I had to put two coats of paint on mine to get the desired result. For an A-B comparison, I photographed my altered stock car alongside a new "straight out of the box" UP stock car. 












I know it doesn't approach the quality of Accucraft stock cars, but I think this came out pretty good for $38. ($65 list price).


----------



## Dave F (Jan 2, 2008)

I gotta say, I run a lot of Bachmann cars and they really give a lotta bang for the buck. With a little elbow grease and ingenuity (sp?) they do a fine job. I have an entire coal train of Bachmann hoppers, I've added a few minor details and tweaked a few things, but they are largely unchanged and look just great rolling by behind my USAT GP-30 at 35 scale miles per hour. Metal wheels too... how can you argue at less than $40.00 ?? 

Great idea to paint the interior of the stock cars, they looks geat ! Nice job.


----------



## San Juan (Jan 3, 2008)

Very nice improvement.
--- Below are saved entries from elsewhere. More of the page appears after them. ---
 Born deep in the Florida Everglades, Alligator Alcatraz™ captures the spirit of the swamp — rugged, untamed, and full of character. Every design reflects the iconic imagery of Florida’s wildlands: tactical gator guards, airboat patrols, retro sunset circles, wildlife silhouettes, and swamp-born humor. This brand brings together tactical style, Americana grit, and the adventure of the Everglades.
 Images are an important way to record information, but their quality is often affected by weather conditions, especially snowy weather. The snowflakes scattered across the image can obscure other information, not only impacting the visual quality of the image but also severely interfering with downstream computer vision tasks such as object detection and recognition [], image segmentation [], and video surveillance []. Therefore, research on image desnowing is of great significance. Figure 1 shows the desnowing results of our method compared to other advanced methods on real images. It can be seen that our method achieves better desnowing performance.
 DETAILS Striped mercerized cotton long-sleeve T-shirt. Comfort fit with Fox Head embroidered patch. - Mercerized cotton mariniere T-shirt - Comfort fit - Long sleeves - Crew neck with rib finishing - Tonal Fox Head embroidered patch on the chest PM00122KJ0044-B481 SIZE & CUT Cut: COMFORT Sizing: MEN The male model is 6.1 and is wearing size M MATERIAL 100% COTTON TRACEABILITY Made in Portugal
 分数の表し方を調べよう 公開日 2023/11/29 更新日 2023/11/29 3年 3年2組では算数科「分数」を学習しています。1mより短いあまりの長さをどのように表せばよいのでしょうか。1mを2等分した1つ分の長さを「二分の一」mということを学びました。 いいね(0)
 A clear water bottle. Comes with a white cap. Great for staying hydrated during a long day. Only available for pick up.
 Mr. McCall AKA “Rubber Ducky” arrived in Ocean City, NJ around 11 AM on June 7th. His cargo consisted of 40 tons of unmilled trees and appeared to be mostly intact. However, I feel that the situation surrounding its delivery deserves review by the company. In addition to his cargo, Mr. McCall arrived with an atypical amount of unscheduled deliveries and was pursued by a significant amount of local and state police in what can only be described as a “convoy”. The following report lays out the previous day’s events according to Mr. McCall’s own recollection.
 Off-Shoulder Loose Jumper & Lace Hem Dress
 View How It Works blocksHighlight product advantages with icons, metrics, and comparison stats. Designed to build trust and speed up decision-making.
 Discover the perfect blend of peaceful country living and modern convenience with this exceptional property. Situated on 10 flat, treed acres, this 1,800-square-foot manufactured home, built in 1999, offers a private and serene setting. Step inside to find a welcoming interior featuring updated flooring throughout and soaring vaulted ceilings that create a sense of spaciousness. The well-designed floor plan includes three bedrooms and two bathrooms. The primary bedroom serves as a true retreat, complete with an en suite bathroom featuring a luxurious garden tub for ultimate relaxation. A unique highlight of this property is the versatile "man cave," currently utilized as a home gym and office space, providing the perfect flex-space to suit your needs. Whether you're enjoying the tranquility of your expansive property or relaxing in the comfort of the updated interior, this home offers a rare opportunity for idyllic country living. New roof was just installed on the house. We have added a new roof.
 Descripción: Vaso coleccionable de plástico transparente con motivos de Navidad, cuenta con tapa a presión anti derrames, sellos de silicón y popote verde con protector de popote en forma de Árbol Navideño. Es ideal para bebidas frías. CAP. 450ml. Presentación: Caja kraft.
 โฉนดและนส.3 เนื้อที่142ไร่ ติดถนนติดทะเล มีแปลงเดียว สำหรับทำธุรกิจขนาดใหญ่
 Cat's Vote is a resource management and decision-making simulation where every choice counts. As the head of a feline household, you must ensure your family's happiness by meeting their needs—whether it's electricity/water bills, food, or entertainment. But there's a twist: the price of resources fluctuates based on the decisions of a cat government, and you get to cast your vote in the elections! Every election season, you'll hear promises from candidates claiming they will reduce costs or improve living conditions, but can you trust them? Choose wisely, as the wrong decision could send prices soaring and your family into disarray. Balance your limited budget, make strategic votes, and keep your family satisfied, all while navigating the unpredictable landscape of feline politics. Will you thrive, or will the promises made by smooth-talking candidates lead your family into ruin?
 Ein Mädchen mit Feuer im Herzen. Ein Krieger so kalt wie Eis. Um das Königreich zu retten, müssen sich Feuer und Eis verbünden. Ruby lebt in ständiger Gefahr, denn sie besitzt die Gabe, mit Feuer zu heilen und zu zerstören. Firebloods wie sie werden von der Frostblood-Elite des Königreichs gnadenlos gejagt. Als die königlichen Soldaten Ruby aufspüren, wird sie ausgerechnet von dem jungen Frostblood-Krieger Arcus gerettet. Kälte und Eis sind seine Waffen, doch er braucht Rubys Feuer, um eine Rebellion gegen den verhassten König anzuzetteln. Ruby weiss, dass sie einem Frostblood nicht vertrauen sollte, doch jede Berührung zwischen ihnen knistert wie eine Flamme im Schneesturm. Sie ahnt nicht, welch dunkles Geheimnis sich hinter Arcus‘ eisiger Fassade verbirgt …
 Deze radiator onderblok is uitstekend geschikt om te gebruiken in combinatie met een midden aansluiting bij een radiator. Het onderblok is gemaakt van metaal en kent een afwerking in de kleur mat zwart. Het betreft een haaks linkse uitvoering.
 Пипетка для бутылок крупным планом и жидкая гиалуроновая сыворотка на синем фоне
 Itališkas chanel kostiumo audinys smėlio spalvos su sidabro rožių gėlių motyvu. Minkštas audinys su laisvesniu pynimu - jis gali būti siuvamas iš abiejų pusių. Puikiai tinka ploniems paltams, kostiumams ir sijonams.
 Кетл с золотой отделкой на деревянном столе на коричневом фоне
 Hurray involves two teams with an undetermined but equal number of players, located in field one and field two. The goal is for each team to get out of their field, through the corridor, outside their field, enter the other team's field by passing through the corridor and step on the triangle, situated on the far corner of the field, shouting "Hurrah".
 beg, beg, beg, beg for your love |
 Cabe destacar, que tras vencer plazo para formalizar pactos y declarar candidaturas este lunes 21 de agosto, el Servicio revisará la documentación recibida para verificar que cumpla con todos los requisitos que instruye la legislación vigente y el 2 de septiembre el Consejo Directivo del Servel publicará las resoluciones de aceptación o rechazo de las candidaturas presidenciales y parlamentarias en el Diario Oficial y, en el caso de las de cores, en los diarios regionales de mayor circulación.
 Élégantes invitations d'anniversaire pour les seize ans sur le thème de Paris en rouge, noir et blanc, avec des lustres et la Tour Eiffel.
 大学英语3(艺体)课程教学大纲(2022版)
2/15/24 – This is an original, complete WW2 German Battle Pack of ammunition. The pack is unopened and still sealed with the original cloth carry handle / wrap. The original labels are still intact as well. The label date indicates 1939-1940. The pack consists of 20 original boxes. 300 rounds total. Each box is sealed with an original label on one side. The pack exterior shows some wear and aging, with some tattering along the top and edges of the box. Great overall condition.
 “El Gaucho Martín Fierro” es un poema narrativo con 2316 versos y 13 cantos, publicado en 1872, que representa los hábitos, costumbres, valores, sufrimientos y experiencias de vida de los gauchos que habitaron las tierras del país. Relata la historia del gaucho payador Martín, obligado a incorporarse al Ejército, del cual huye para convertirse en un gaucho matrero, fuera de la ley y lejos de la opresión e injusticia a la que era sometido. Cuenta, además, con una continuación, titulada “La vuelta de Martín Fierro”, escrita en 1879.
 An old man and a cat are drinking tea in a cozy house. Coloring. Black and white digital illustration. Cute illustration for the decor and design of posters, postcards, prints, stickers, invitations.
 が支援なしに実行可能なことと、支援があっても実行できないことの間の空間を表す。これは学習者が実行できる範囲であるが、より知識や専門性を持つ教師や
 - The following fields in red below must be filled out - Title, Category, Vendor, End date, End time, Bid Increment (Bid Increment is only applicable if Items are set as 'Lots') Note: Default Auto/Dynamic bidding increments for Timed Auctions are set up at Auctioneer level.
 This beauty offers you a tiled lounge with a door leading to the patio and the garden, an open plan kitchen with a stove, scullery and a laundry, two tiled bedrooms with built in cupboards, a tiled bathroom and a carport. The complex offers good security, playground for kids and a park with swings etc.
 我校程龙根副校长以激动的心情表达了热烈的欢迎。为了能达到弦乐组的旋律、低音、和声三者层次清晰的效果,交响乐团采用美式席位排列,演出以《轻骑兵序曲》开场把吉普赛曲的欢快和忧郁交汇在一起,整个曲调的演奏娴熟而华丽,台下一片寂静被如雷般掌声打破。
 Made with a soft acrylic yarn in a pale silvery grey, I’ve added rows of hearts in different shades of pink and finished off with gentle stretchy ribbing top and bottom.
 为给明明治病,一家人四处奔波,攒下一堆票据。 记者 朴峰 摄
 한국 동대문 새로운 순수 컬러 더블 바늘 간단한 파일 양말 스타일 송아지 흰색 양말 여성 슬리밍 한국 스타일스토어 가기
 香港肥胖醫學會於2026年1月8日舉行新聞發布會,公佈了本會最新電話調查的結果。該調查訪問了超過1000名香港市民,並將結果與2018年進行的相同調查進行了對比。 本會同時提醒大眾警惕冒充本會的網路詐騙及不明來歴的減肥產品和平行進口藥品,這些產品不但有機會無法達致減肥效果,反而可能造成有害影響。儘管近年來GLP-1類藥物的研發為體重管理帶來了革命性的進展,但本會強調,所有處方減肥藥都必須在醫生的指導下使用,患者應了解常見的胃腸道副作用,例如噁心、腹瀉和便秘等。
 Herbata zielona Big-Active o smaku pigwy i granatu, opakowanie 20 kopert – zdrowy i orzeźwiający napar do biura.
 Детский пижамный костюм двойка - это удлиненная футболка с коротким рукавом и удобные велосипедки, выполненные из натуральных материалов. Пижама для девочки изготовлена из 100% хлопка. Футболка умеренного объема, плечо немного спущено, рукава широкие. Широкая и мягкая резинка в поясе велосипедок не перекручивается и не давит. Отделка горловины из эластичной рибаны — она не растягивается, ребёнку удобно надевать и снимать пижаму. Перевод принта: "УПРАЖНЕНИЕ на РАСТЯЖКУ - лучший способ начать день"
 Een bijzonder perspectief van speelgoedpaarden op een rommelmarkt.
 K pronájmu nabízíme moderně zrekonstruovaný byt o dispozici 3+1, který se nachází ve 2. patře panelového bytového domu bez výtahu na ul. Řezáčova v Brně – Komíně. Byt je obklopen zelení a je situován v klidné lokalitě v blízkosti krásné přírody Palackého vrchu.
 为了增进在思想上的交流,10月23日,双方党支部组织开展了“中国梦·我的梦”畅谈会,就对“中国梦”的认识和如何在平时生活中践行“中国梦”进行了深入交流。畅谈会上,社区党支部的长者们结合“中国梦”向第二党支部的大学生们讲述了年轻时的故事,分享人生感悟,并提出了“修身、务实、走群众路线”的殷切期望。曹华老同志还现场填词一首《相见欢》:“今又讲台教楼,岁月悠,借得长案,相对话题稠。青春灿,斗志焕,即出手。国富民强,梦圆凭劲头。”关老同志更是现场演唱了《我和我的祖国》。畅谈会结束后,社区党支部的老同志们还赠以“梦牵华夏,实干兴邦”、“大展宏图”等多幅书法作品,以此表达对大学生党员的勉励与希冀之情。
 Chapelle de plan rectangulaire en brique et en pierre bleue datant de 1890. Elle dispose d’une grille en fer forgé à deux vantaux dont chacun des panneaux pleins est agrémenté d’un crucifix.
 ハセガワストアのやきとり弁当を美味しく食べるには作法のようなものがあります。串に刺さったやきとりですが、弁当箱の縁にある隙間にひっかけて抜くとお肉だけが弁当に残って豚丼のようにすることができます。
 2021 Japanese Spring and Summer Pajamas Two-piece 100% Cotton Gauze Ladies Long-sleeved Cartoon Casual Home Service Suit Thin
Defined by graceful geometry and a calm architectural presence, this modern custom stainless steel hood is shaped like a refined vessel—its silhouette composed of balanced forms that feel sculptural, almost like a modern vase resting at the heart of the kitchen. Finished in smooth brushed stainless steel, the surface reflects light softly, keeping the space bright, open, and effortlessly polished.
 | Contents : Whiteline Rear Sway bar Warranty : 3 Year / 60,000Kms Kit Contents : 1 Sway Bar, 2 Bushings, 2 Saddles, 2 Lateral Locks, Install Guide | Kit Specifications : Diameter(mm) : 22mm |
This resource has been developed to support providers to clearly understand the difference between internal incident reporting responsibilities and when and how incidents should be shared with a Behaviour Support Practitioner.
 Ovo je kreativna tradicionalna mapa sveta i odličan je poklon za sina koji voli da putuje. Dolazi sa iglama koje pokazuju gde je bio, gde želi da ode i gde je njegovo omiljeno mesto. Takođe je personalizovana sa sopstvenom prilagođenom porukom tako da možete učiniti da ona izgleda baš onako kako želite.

Fairly simple too. The painted interior looks so much better then the yellow version and even adds some depth and shadow effects. Nice job. 

Stockcar repaints are fun to do. I've never liked the green body color of LGB's 4068 D&RGW stockcar, so I repainted our three cars with Scalecoat II loco black. The roofs kept the original factory weathered color which I really like. Robert Dustin decals and some heavy Krylon matte finish coats finished off the trio nicely. I even added a double deck out of styrene for the center car in the photo below to make it into a sheep car. 

If you're up to a little painting and lettering there's no need for overly expensive cars...especially if that's not the scale you run. However in today's large scale, staying stuck in the 1:22.5 world means you'll be doing a lot of custom painting. But I enjoy it.


----------



## TheLordsServant (Jul 7, 2008)

I agree with the above posts, an excellent job! Looks great!


----------



## trainbuffjr (Jan 11, 2008)

Great job Don! It looks much better that way. Matt, Where did you get the tractor that is in your picture?


----------



## San Juan (Jan 3, 2008)

Posted By trainbuffjr on 07/11/2008 10:17 PM

Matt, Where did you get the tractor that is in your picture?



The manufacturer of Just Plain Folk used to sell these. I'm not sure if he has them any more as it was a few years ago. There were three styles to choose from. A green and yellow model (likely John Deere), a gray and red model (possibly a Farmall), and then the orange version I have (possibly Allis-Chalmers). All three were different body style tractors too.


----------



## todd55whit (Jan 2, 2008)

Matt, 
I love the tractors. Do you know anything about the Just plain folk link you posted? Went to the site looks to be under construction? Todd


----------



## altterrain (Jan 2, 2008)

Posted By todd55whit on 07/16/2008 12:43 PM
Matt, 
I love the tractors. Do you know anything about the Just plain folk link you posted? Went to the site looks to be under construction? Todd




They are being distributed by silvergate now - 
http://www.shopatron.com/index/394.0.27701 

-Brian


----------



## todd55whit (Jan 2, 2008)

Thanks Brian..


----------